In questi tempi di “carità organizzata” e di solipsismo normalizzato, forse non accade più che qualcuno, nel bisogno, ci si rivolga direttamente per chiederci aiuto materiale; ma il denaro non è la sola cosa di cui uno possa aver bisogno quando ti cerca.  

Leggete sempre le lettere degl’infelici

20 marzo 1891 – Nella buca della posta alcuni giorni addietro ritrovai una lettera. L’apersi, e vista la firma e scorse poche righe, avendo inteso ch’era domanda d’elemosina, diedi alla donna di servizio due soldi per la persona che sarebbe venuta a chieder la risposta. Né ci pensai più.

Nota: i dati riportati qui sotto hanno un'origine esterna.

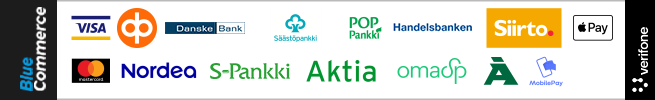 Kaikki tilaukset maksetaan etukäteen tilauksen yhteydessä verkkokaupassa valittavilla maksutavoilla. Maksut käsitellään turvallisesti kolmannen osapuolen, Verifone Finland Oy:n, kautta. Maksupalvelun tarjoaa Verifone Finland Oy, joka on Finanssivalvonnan toimiluvan saanut maksulaitos. Maksutapahtumat toteutetaan Verifone Finland Oy:n suojatussa tietoturvallisessa maksuympäristössä.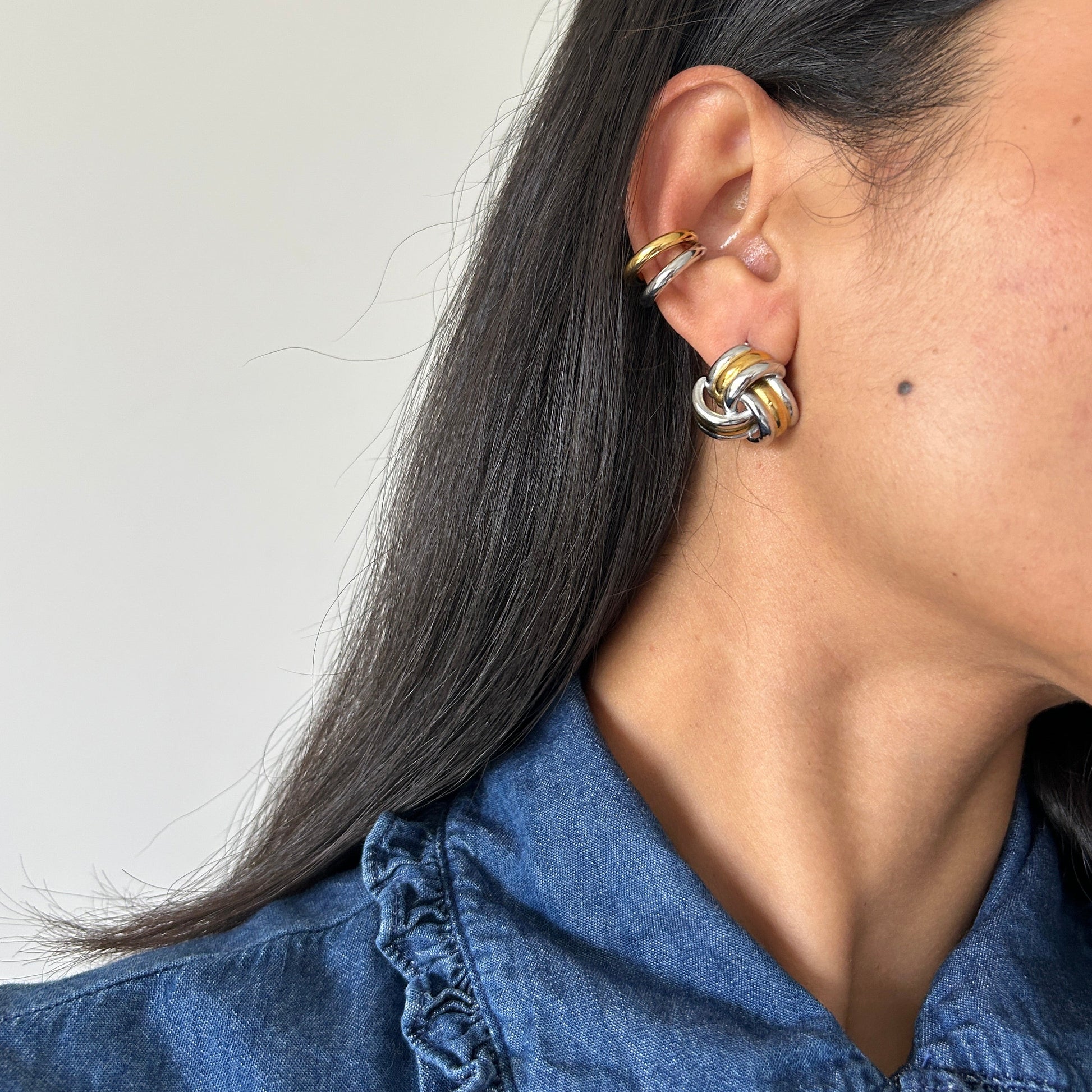 Delicate yet striking — these studs feature three intertwined mixed-metal loops forming a modern, flower-like silhouette. Soft, sculptural, and effortlessly chic, they add a refined touch to any ear stack.

Oggi mi son trovata in tasca quella lettera piegucciata e l’ho letta tutta. Oh com’era compassionevole! Con che parole di dolore confidava nel mio animo creduto buono la poverella che ha scritto! Vedova, vecchia, senza nessuno al mondo; caduta dalle scale; ha rotto il braccio, il polso e la scapola; ricoverata all’ospedale; riaggiustati alla peggio gli ossi rotti; i dottori tranquillamente le han detto che rimarrà storpia per sempre, e l’hanno messa fuori della porta dell’ospedale dicendole: ora andate, non avete più nulla a far qui. In quella lettera erano tracce di lacrime; nell’abbandono di tutti s’era rivolta a me; e mi rammentava che fanciulletta m’avea conosciuto; era stata modista; avea lavorato per me quelle grandi pamele (287) che portavo sempre nell’estate. Di famiglia gentile. Caduta già fino all’ultimo fondo delle miserie, costretta a mendicare. E la poveretta se ne vergognava. Ricorreva a me: io l’ho respinta con due soldi per non aver letto quella lettera.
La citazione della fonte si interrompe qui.